##### RECORDS FOR THIS EXERCISE

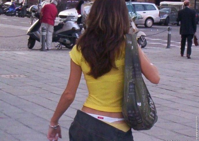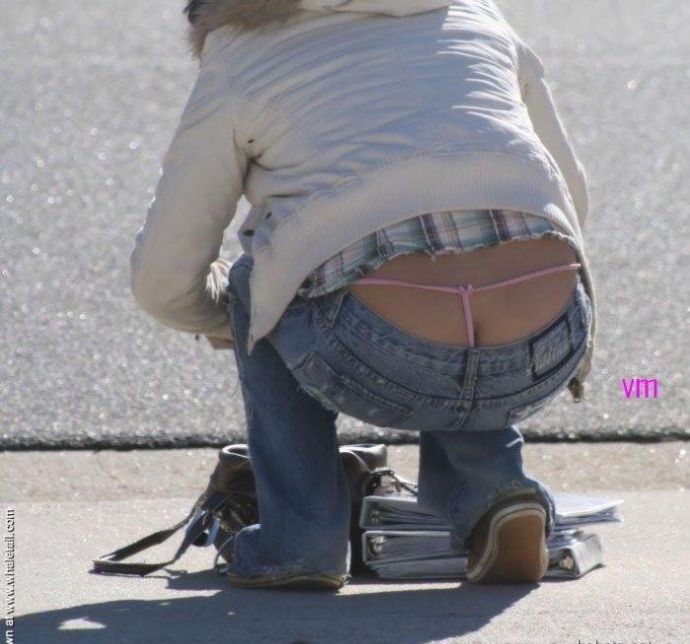 Иногда идешь по городу, а тут нагибается девушка раком и видно пол жопы, у которых в промежность впиваются стринги, потом идешь и подул ветерок и снова трусы видны из под юбки, так вот сегодня именно такая коллекция для тебя.
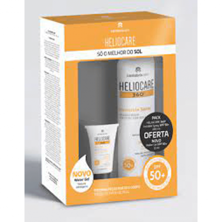 Heliocare 360° Invisible Spray SPF 50+: Garante um cuidado de 360° contra os 4 tipos de radiação que danificam a pele. É formulado com os inovadores filtros Fernblock®+, que inibem e reparam eficazmente os danos cutâneos, prevenindo o aparecimento de manchas, rugas e sinais de envelhecimento. Contém também a patente WET SKIN, que oferece um acabamento leve, refrescante e hipoalergénico. Heliocare 360º Water Gel SPF50+: É um gel fotoprotector hidratante com uma fórmula aquosa ultra-leve e não comedogénica que é rapidamente absorvida, deixando a pele hidratada e mantendo o seu conforto durante a exposição solar. O seu sistema hidratante de libertação de tempo mantém a pele hidratada desde o momento da aplicação. As suas características permitem uma utilização confortável e uma aplicação diária. É resistente à água e não pica os olhos. Pode ser utilizado em todos os tipos de pele, mesmo nos mais sensíveis. Com Fernblock®+, filtros específicos e ingredientes activos reparadores e antioxidantes, protege contra as 4 radiações (UVB, UVA, Visível e Infravermelho), neutraliza e repara os danos solares. Testado sob controlo dermatológico e oftalmológico.
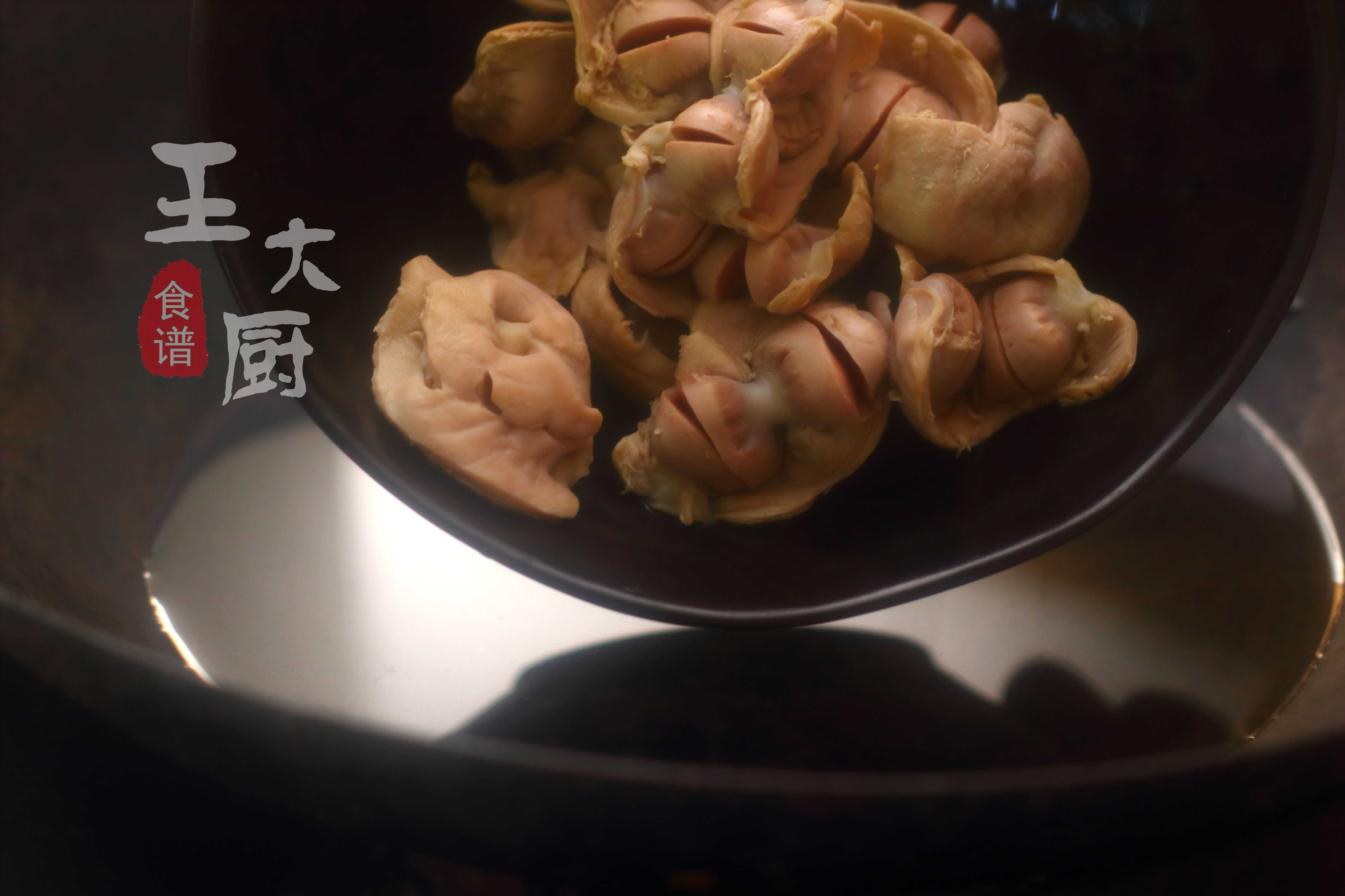 3、起锅烧水,将进行改刀后的鸡胗再次放在锅中。
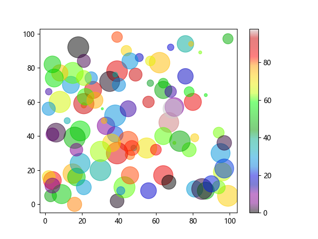 # 以下三行代码使编译器支持绘图功能: import sys import matplotlib matplotlib.use('Agg') import matplotlib.pyplot as plt import numpy as np # 生成随机数据: x = np.random.randint(100, size=(100)) y = np.random.randint(100, size=(100)) colors = np.random.randint(100, size=(100)) sizes = 10 * np.random.randint(100, size=(100)) # 点大小(10-990随机值) # 使用光谱配色、半透明效果创建散点图: plt.scatter(x, y, c=colors, s=sizes, alpha=0.5, cmap='nipy_spectral') plt.colorbar() plt.show() # 以下两行代码使编译器能够输出图形: plt.savefig(sys.stdout.buffer) sys.stdout.flush()
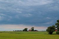Weids landschap, vergezichten en uitzicht over het Friese platteland onder een dreigende stormlucht. Stormachtige donkere regenwolken boven een dorpje tussen Sneek en Makkum, Friesland. Noodweer, regen, onweer en storm. Onstuimig weer op komst. Een spectaculair natuurverschijnsel.
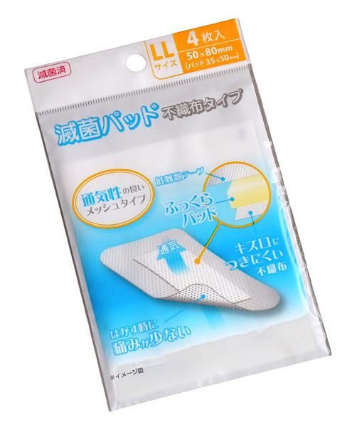 滅菌パッド 不織布タイプ LLサイズ(5×8cm) 4枚入 (100円ショップ 100円均一 100均一 100均)

##########

▶ **TASK REQUIREMENTS**: Please return the data above exactly as it stands from the line with "3、起锅烧水,将进行改刀后的鸡胗再次放在锅中。" to the line with "# 以下三行代码使编译器支持绘图功能: import", keeping both of those lines but none of the pictures.

▶ **SOLVED EXERCISE**:
 3、起锅烧水,将进行改刀后的鸡胗再次放在锅中。
 # 以下三行代码使编译器支持绘图功能: import sys import matplotlib matplotlib.use('Agg') import matplotlib.pyplot as plt import numpy as np # 生成随机数据: x = np.random.randint(100, size=(100)) y = np.random.randint(100, size=(100)) colors = np.random.randint(100, size=(100)) sizes = 10 * np.random.randint(100, size=(100)) # 点大小(10-990随机值) # 使用光谱配色、半透明效果创建散点图: plt.scatter(x, y, c=colors, s=sizes, alpha=0.5, cmap='nipy_spectral') plt.colorbar() plt.show() # 以下两行代码使编译器能够输出图形: plt.savefig(sys.stdout.buffer) sys.stdout.flush()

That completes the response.